## How to complete this task
Return exactly the lines from the one containing "羊文学『POWERS』ジャケット" through the last line of the records below, both included, and leave out any pictures.
[[ Data supplied, beginning ]]
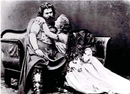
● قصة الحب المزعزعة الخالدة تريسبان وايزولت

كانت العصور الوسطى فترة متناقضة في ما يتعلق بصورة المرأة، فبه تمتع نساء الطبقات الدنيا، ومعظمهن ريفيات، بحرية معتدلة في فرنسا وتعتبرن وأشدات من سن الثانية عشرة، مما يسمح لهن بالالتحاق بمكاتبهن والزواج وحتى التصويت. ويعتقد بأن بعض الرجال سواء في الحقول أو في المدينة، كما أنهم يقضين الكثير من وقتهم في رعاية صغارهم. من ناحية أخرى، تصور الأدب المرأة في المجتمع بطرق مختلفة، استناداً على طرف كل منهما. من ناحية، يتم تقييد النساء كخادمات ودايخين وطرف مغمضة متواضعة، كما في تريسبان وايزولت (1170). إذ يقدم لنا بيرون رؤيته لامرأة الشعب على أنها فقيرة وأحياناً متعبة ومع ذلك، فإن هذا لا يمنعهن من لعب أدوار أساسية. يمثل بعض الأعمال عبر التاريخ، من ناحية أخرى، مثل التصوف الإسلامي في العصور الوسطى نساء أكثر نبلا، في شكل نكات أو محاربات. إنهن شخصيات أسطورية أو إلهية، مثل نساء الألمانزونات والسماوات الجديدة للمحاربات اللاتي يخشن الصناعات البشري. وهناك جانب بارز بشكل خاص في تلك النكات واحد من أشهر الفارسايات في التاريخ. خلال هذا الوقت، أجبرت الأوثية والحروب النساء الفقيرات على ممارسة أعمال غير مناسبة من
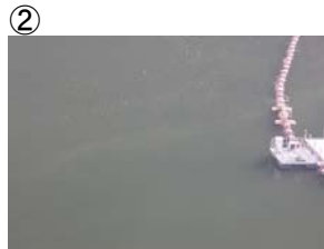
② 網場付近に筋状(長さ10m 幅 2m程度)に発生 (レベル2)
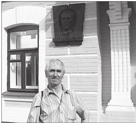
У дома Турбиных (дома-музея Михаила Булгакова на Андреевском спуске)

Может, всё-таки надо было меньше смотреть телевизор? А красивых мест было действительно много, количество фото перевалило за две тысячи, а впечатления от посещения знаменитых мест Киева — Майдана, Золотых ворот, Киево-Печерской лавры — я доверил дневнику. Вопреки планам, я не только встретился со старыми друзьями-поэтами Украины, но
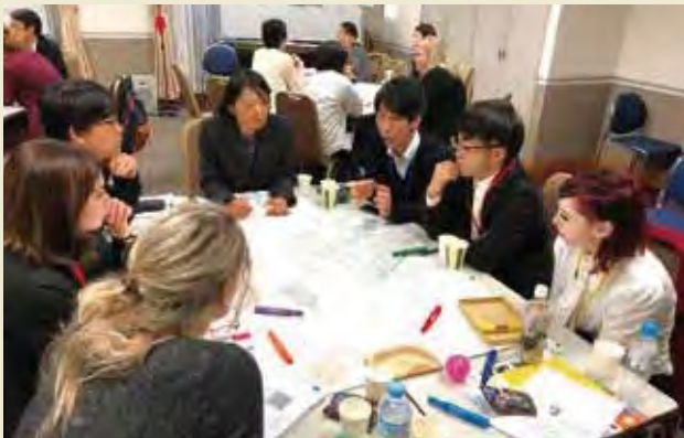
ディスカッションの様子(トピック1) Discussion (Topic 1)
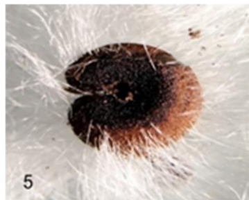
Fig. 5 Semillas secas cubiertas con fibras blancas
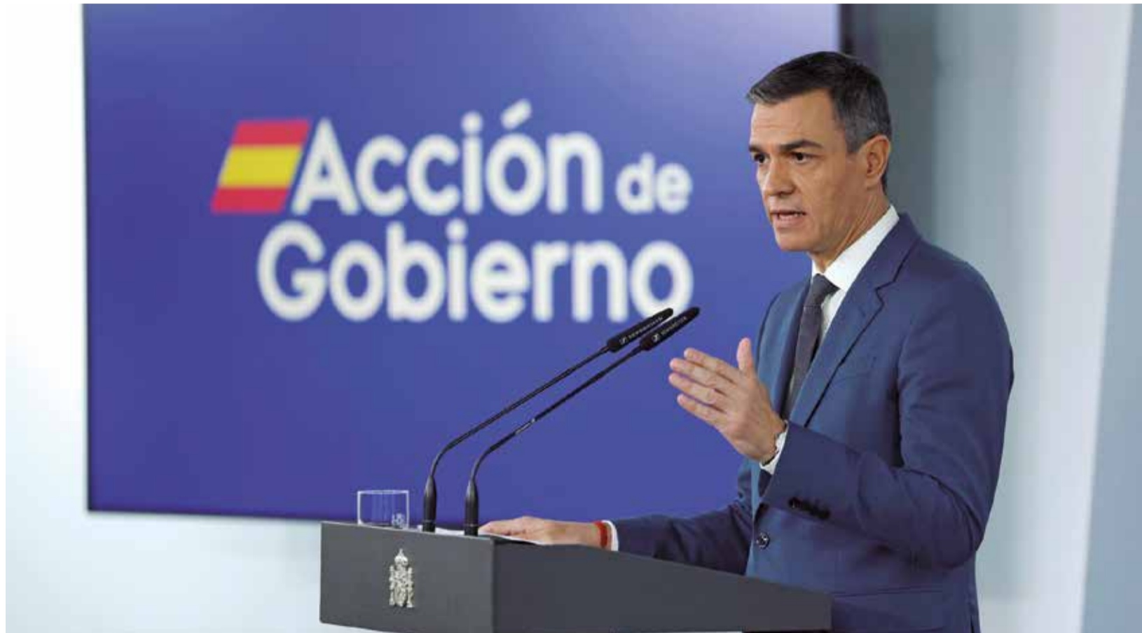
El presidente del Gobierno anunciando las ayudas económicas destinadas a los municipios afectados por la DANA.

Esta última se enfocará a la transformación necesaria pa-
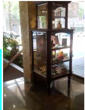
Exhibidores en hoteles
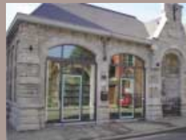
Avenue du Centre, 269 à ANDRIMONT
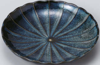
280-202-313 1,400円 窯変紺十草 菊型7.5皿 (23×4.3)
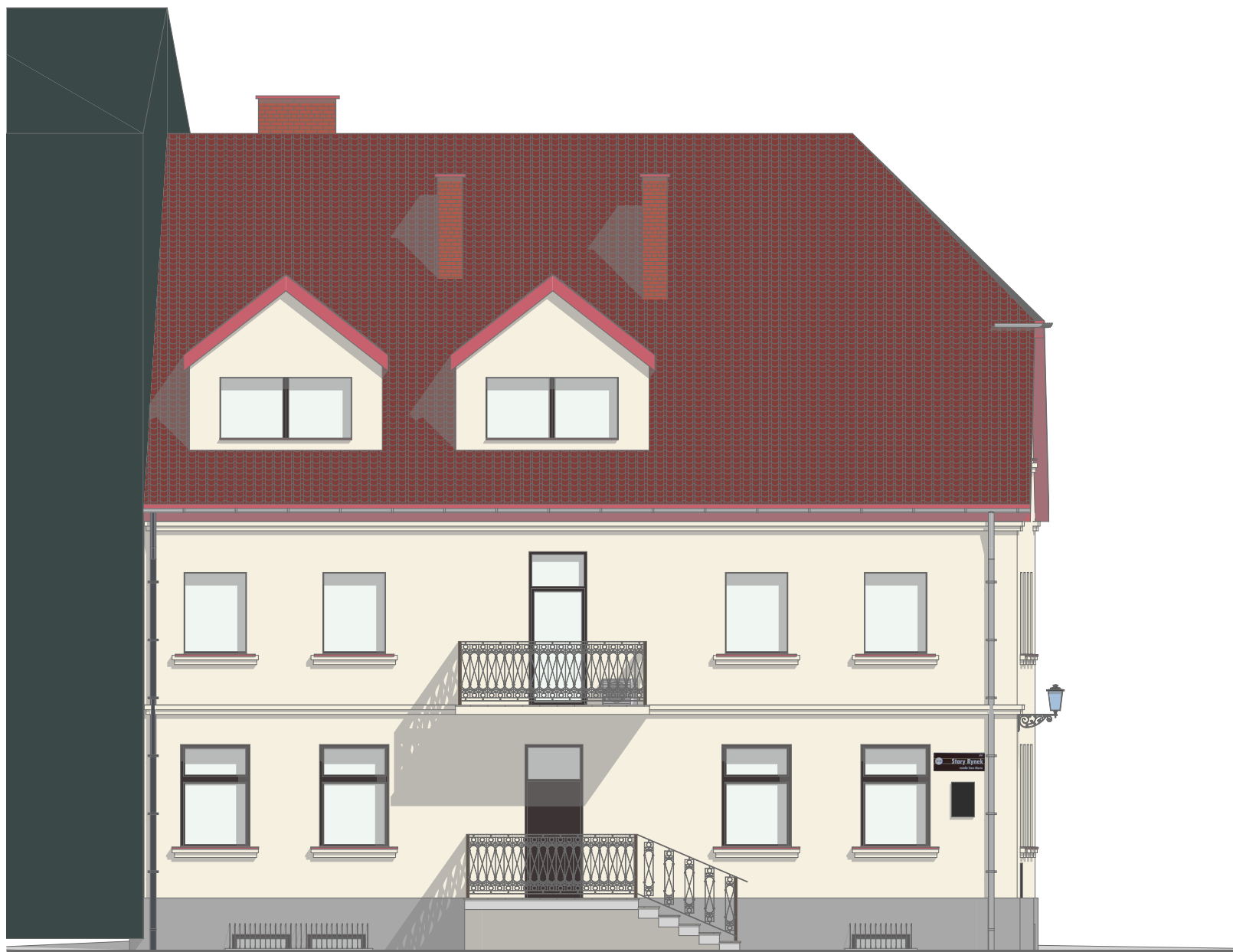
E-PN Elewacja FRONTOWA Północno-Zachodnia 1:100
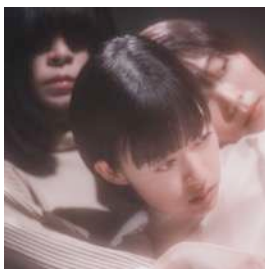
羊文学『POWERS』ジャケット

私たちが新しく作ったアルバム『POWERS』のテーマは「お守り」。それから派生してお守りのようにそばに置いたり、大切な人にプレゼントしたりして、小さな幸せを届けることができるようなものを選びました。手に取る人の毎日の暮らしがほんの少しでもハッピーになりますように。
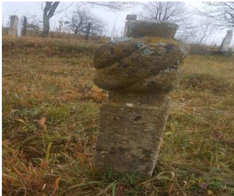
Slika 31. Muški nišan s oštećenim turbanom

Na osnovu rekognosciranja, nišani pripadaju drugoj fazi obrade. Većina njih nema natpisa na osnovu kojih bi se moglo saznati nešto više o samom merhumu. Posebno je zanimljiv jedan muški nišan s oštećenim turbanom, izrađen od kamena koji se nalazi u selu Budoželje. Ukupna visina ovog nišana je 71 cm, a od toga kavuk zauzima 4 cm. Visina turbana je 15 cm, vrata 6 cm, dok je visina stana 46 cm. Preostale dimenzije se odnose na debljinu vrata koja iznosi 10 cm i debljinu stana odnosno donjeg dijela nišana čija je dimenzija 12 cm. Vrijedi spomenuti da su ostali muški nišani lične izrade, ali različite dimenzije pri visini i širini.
[[ Data supplied, end ]]
## Result for this task
羊文学『POWERS』ジャケット

私たちが新しく作ったアルバム『POWERS』のテーマは「お守り」。それから派生してお守りのようにそばに置いたり、大切な人にプレゼントしたりして、小さな幸せを届けることができるようなものを選びました。手に取る人の毎日の暮らしがほんの少しでもハッピーになりますように。
Slika 31. Muški nišan s oštećenim turbanom

Na osnovu rekognosciranja, nišani pripadaju drugoj fazi obrade. Većina njih nema natpisa na osnovu kojih bi se moglo saznati nešto više o samom merhumu. Posebno je zanimljiv jedan muški nišan s oštećenim turbanom, izrađen od kamena koji se nalazi u selu Budoželje. Ukupna visina ovog nišana je 71 cm, a od toga kavuk zauzima 4 cm. Visina turbana je 15 cm, vrata 6 cm, dok je visina stana 46 cm. Preostale dimenzije se odnose na debljinu vrata koja iznosi 10 cm i debljinu stana odnosno donjeg dijela nišana čija je dimenzija 12 cm. Vrijedi spomenuti da su ostali muški nišani lične izrade, ali različite dimenzije pri visini i širini.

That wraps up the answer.